賃上げ率は基本給を底上げするベースアップ(ベア)と定期昇給の合計。大手を含む全体では5.20%(月額1万5787円)と33年ぶりの水準だ。
記者会見した芳野友子会長は上昇を続ける中小の賃上げ率について、「心強く感じている」と述べ、価格転嫁の取り組みも「少しずつ前進している」と評価した。
缶パーツ製造を手掛けるヒロハマ(東京都墨田区)の広浜泰久会長は、「今までは(人件費は)自助努力という感覚が強かったが、雰囲気が変わり始めた」と話す。業界内では賃上げ分を価格に上乗せする例が増えたという。

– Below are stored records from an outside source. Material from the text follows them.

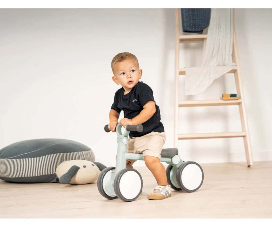 Su estructura es pequeña y ligera, equipada con dos ruedas traseras para proporcionar una mayor estabilidad. La altura del manillar es regulable en dos posiciones con empuñaduras de goma antideslizantes aseguran un uso cómodo y seguro. El sillín blando y con bordes redondeados añaden un toque extra de confort para que cada paseo sea una experiencia placentera.
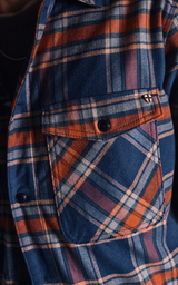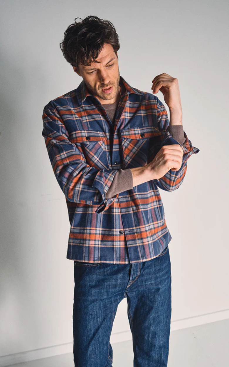 Yodo Check Overshirt er et alsidigt lag-på-lag-item til sæsonen. Skjorten er skåret i en relaxed fit og detaljeret med to store brystlommer med klapper for et funktionelt udtryk. Fremstillet i blød moleskin og garment dyed for et naturligt, indarbejdet look, kombinerer den afslappet komfort med tidløs karakter. Afsluttet med subtile detaljer som sorte Corozo-logo-knapper og det ikoniske Blue de Gênes-flagpin.
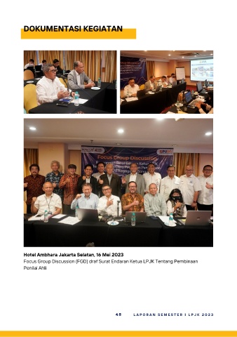 DOKUMENTASI KEGIATAN Hotel Ambhara Jakarta Selatan, 16 Mei 2023 Focus Group Discussion (FGD) draf Surat Endaran Ketua LPJK Tentang Pembinaan Penilai Ahli 4 5 L A P O R A N S E M E S T E R I L P J K 2 0 2 3
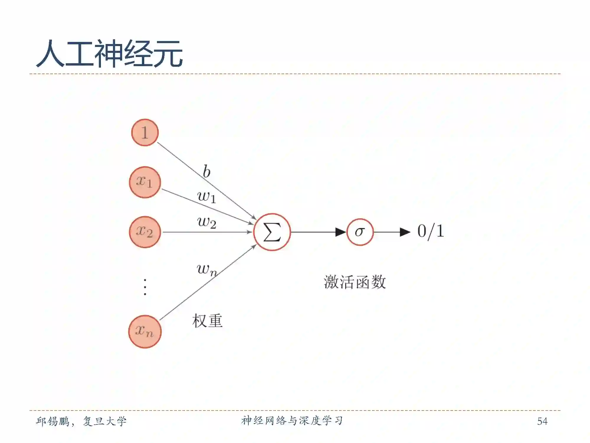 人工神经元(artificialneuron),简称神经元(neuron),是构成神经网络的基本单元,其主要是模拟生物神经元的结构和特性,接受一组输入信号并产出输出。
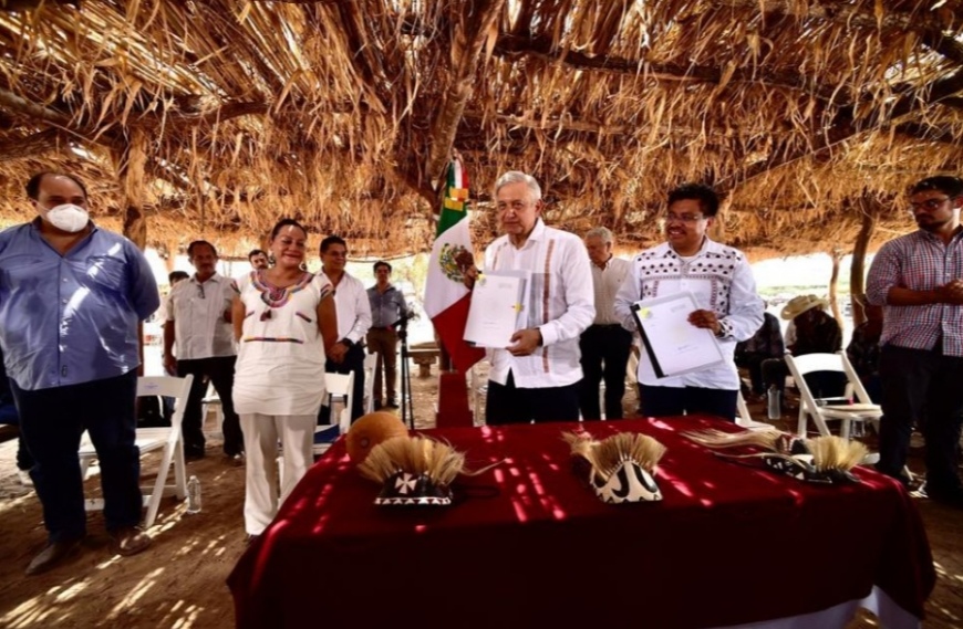 Acompañado de la secretaría del Bienestar, María Luisa Albores; el titular del Instituto Nacional de los Pueblos Indígenas, Adelfo Regino; y el secretario de Desarrollo Agrario, Territorial y Urbano, Román Meyer, el Presidente informó que el grupo de trabajo conformado por Conagua, Sedatu, la Procuraduría Agraria, el Registro Agrario Nacional y el Fideicomiso Fondo Nacional de Fomento Ejidal, ya comenzó a trabajar en el establecimiento legal de la propiedad de los terrenos para las comunidades.

ただ、帝国データバンクが中小企業中心に全国1万1267社から2月に得た調査結果では、「全く価格転嫁できない」との回答が12.7%。「多少なりとも転嫁できている」は75.0%に達したが、コスト上昇分を価格に転嫁できた度合いを示す「価格転嫁率」は40.6%にとどまった。コストが100円上昇しても40.6円しか価格に反映できていないことになる。
第一生命経済研究所の熊野英生首席エコノミストは価格転嫁について、「大手と直接取引がある中小もいれば(取引のない)零細もおり、ばらつきがある」と指摘。その上で、「公正取引委員会などが(転嫁に応じない取引先企業に)ペナルティーを与えることもある程度必要になる」と指摘した。